Has anyone on this ng experience or knowledge of the use of Prolog to
implement a native-code compiler for a typical high-level imperative
language?  I am toying with the idea of using Prolog for the lexer, the
parser, the intermediate (library) code generator, and the end-code
generator (and even, in effect, for linking!), i.e. the 'whole shebang'.
I'm even toying with the idea of having (most) of the IDE written in Prolog,
and thus tightly integrating the compiler and IDE.

This is an open source project (possibly GPL or similar), and a bit
experimental, and it's not a project that has a budget of millions (well
that's one way of putting it :-), so I'm willing to make the speed sacrifice
(I'm not so sure my co-projectees are, but that's mp ;-).  I'm particularly
interested in the idea of using Prolog's natural searching abilities to
search for truly optimal code.

Contributions gratefully accepted.

-------------------------------------
Nick Roberts
-------------------------------------

Nick Roberts <nickrobe...@callnetuk.com> pisze:

[...]

This issue (code selection and optimization) was discussed in a paper
published in PLILP proceedings a few years ago, IIRC. I do not have the
reference handy, if you want me to look for it, please write me an email, I
do not read this group too frequently.

Best,
-- Grzes
Grzegorz Grudzinski     Institute of Informatics, Warsaw University
g...@mimuw.edu.pl       http://zls.mimuw.edu.pl/~gsg/

I have written a couple of compilers in Prolog.  In many ways, Prolog
is an excellent language for writing compilers, but it does have some
important disadvantages.

Much of the task of compilation is manipulating trees of various
kinds, and this is a task which Prolog and other logic or functional
languages do very well.

Another advantage of Prolog is the use of unbound variables and
partially instantiated data structures.  Often during code generation
you may want to make several passes over some data structure (e.g. the
parse tree), filling in the values of different attributes with each
pass.  In Prolog you can leave uninitialized attributes as unbound
variables, and have each pass bind the appropriate variables.  This
contrasts with some languages such as ML or Mercury where you would
normally initialize the attributes with dummy values and then each
pass would make a copy of the parse tree in order to set the new
attributes.

Prolog does have some significant disadvantages.  One is that Prolog
is often quite inefficient.  For example, it's very difficult to get a
lexer written in Prolog to run fast.

Another disadvantage is that Prolog doesn't have records with named
fields.  If you want access fields by name, then you need to write a
bunch of named access predicates, which is quite tedious.  (Existing
Prolog implementations generally don't do inlining, so using named
access predicates also exacerbates the efficiency problems.)

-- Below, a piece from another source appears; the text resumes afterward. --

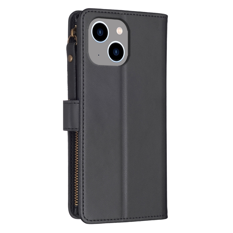 Funda Cartera para iPhone 15 Plus 9 Ranuras Tarjetas Cremallera Cuero con Tapa (Negro)

Another disadvantage, probably more important than the previous two,
is that Prolog has very little in the way of static checking.  This
works OK for small projects, but makes things very difficult when
writing large systems.  If you plan to write 5000 lines of code or
more, then I would very strongly recommend using a language with
static type checking and a proper module system (some Prolog systems
do have module systems, but they are not standardized and vary
significantly between different Prolog systems).  And Prolog's support
for unbound variables and nondeterminism, although useful, can also
cause a lot of problems if you accidentally forget to initialize a
variable or if you accidentally introduce nondeterminism.  Other logic
programming languages such as Mercury and Visual Prolog (which,
despite the name, is quite different from Prolog) do a lot better
here.

If you do use Prolog, then I strongly recommend that you document the
types, modes, and determinism of the predicates in your program very
carefully.  This is especially important if you ever want anyone other
than yourself to maintain the program.  But compilers are usually not
small projects, so I think you would probably be better off choosing a
language which has more support for static checking, such as Mercury.

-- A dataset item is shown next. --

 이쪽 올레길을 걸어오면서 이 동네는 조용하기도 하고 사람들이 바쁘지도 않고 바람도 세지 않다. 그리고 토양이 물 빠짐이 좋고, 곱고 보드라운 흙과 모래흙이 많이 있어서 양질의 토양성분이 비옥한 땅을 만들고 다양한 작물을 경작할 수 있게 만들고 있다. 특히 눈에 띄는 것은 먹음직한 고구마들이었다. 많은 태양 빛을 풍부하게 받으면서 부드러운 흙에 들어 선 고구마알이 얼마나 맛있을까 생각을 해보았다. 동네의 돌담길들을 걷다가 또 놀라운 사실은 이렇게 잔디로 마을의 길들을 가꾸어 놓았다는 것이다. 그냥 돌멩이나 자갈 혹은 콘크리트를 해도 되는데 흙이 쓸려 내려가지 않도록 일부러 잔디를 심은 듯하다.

Of course, I'm one of the developers of Mercury, so my opinion in that
respect is no doubt biased ;-).  But Mercury was developed with my
experience of implementing compilers in Prolog in mind, and so it was
designed to address many of Prolog's faults in that area.  The Mercury
compiler is written in Mercury, so it has certainly been stress-tested
in that area.

I think this is a mirage.  It's pretty easy to express searching
algorithms in any language.  But finding _feasible_ algorithms to
produce "truly optimal code" is going to be difficult in any language.
Prolog's searching abilities won't really help much here.
--
Fergus Henderson <f...@cs.mu.oz.au>
WWW: <http://www.cs.mu.oz.au/~fjh>
PGP: finger f...@128.250.37.3
[It's my impression that in too many cases the only way to find perfectly
optimal code would be to enumerate and check an impractically large set
of possibilities. -John]

Grzegorz Grudzinski wrote

I suppose he means:

PLILP'91 LNCS 528 "Optimal instructioin scheduling Using
        Constraint Logic Programming" by M. Ertl and A. Krall

CLP and Prolog are not really the same thing, as some good
Prolog systems offer good constraint solvers.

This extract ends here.